→ TASK PROMPT:
Take the lines from the beginning of the material through the line containing "依照軸距長短來排,軸距最短者" and retype them exactly, leaving the pictures out.

→ SUPPLIED INFORMATION:
== == ==

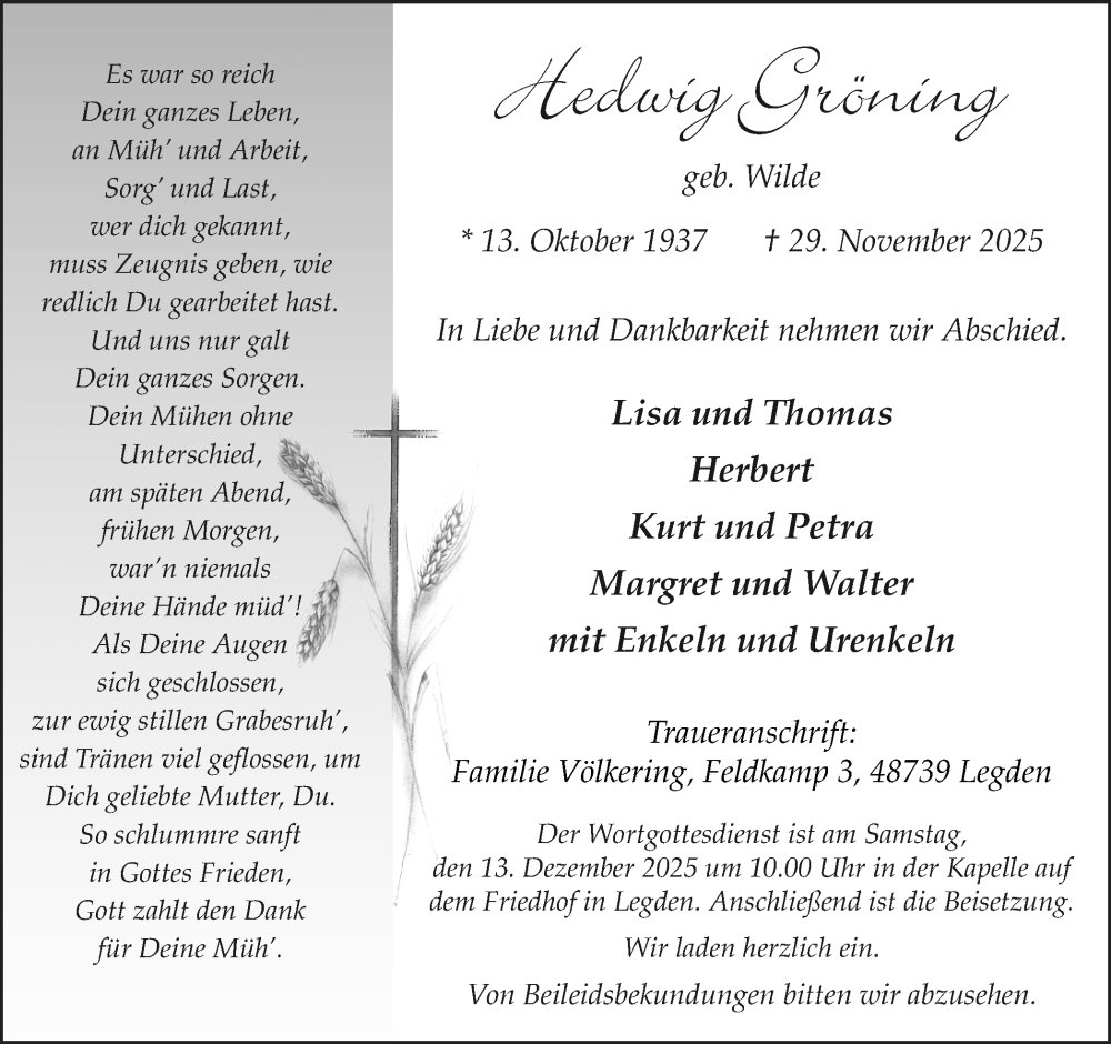 Hier finden Sie alle Traueranzeigen aus der Zeitung, die bisher für Hedwig Gröning erschienen sind. Weitere Traueranzeigen, die in der Zeitung erscheinen, werden hier ebenfalls aufgelistet
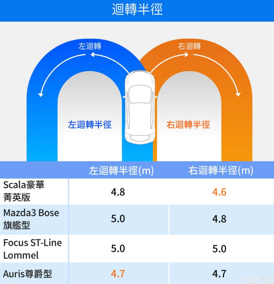 依照軸距長短來排,軸距最短者為Auris的2640mm,其次為Scala的2649mm,符合此次迴轉半徑排名;其餘兩者迴轉半徑雖然略大,但也符合中型車水準,實際上路並無明顯差異或不便。
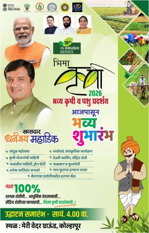 कोल्हापूर : खासदार धनंजय महाडिक यांच्या संकल्पनेतून १७ वर्षापूर्वी सुरू करण्यात आलेले पश्चिम महाराष्ट्रातील सर्वात भव्य असे भिमा कृषी व पशु प्रदर्शन १३ ते १६ फेब्रुवारी २०२६ या कालावधीत आयोजित करण्यात आले आहे. शेतकऱ्यांना शेतीसाठी उपयुक्त असलेली माहिती मिळणारे व शेतीसाठी आवश्यक असणारे साहित्य एकाच छताखाली खरेदी करता याव्यात यासाठी १८ वे भव्य कृषी व पशूप्रदर्शन मेरी वेदर मैदानावर भरविण्यात आले आहे.
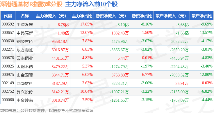 资金流向方面,深港通基材R(483061)指数成份股当日主力资金净流出合计20.82亿元,游资资金净流出合计4.22亿元,散户资金净流入合计25.04亿元。成份股资金流向详情见下表:

== == ==

→ ANSWER TO THE EXERCISE:
 Hier finden Sie alle Traueranzeigen aus der Zeitung, die bisher für Hedwig Gröning erschienen sind. Weitere Traueranzeigen, die in der Zeitung erscheinen, werden hier ebenfalls aufgelistet
 依照軸距長短來排,軸距最短者為Auris的2640mm,其次為Scala的2649mm,符合此次迴轉半徑排名;其餘兩者迴轉半徑雖然略大,但也符合中型車水準,實際上路並無明顯差異或不便。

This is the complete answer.